> **Requirement**
Print the lines of the listing below verbatim from its first line through the line bearing "T1+T2 AC típusú". Any pictures are to be omitted.

> **Collected data**
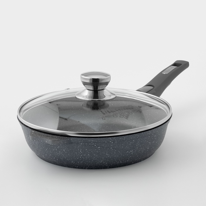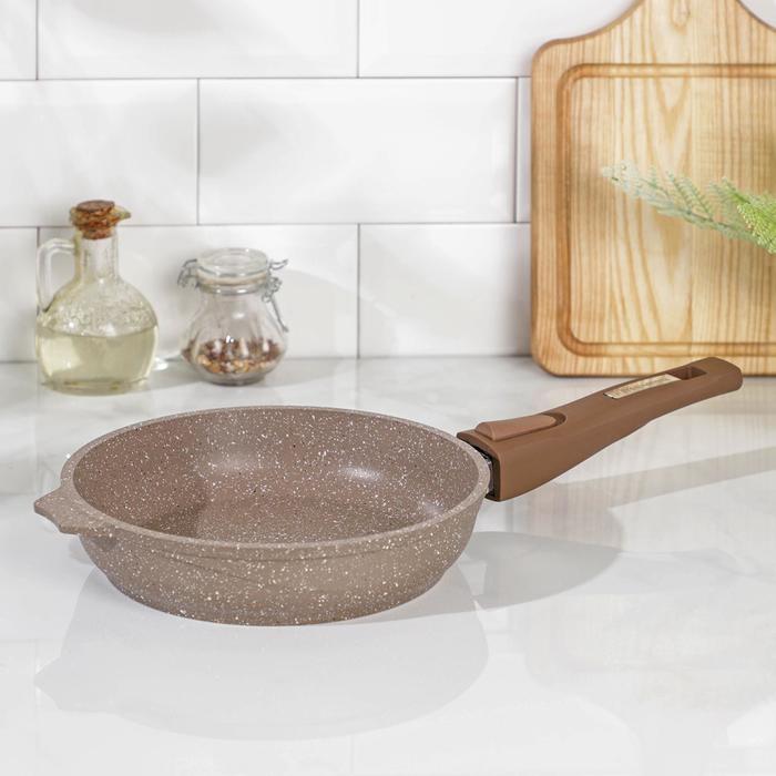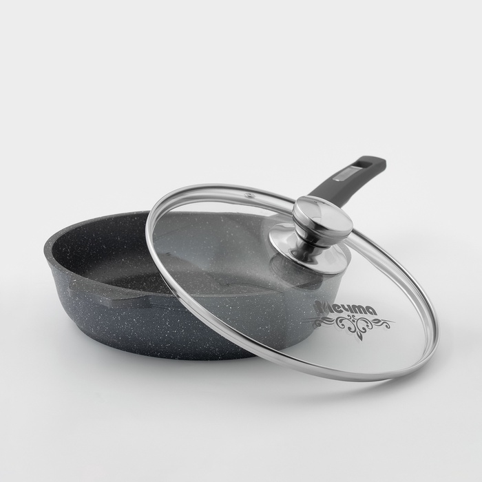 Сковорода Мечта «Гранит», d=24 см, съёмная ручка, антипригарное покрытие, стеклянная крышка, литой алюминий, серая
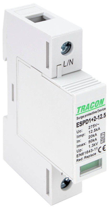 T1+T2 AC típusú túlfeszültség levezető, cserélhető betéttel 1P 12,5kA 275V
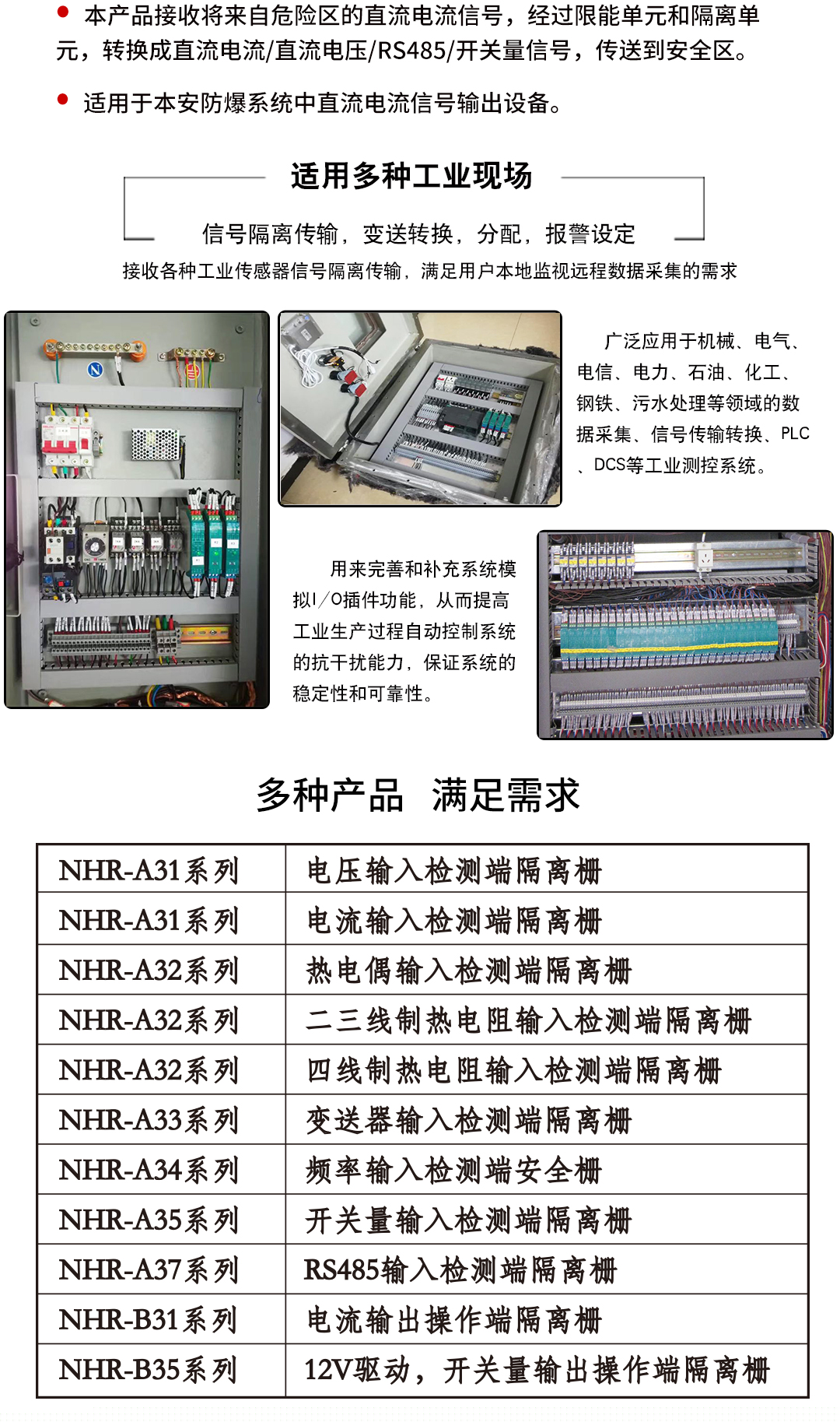 虹潤公司是專業(yè)生產(chǎn)隔離器的國家專精特新“小巨人”企業(yè)。生產(chǎn)的隔離式安全柵涵蓋信號(hào)電流輸入、電壓輸入、熱電阻輸入、熱電偶輸入、頻率輸入、開關(guān)量輸入等多種產(chǎn)品類型。產(chǎn)品獲得具備減震抗干擾能力的溫度變送器、信號(hào)隔離器、一種二端子模塊、無源信號(hào)隔離器等4項(xiàng)國家發(fā)明專利,主持起草物聯(lián)網(wǎng)智能溫度儀表、現(xiàn)場設(shè)備工具(FDT)接口規(guī)范、工業(yè)過程測量和控制系統(tǒng)用溫度變送器等3項(xiàng)國家標(biāo)準(zhǔn),以及通信系統(tǒng)多通道數(shù)據(jù)采集控制終端規(guī)范軍用標(biāo)準(zhǔn)。參與國際5G標(biāo)準(zhǔn)制定,取得智能隔離式安全柵等4項(xiàng)相關(guān)軟件著作權(quán)。產(chǎn)品廣泛應(yīng)用于石油、電力、化工,冶金、智能制造、污水處理等諸多行業(yè)。

> **Written answer**
 Сковорода Мечта «Гранит», d=24 см, съёмная ручка, антипригарное покрытие, стеклянная крышка, литой алюминий, серая
 T1+T2 AC típusú túlfeszültség levezető, cserélhető betéttel 1P 12,5kA 275V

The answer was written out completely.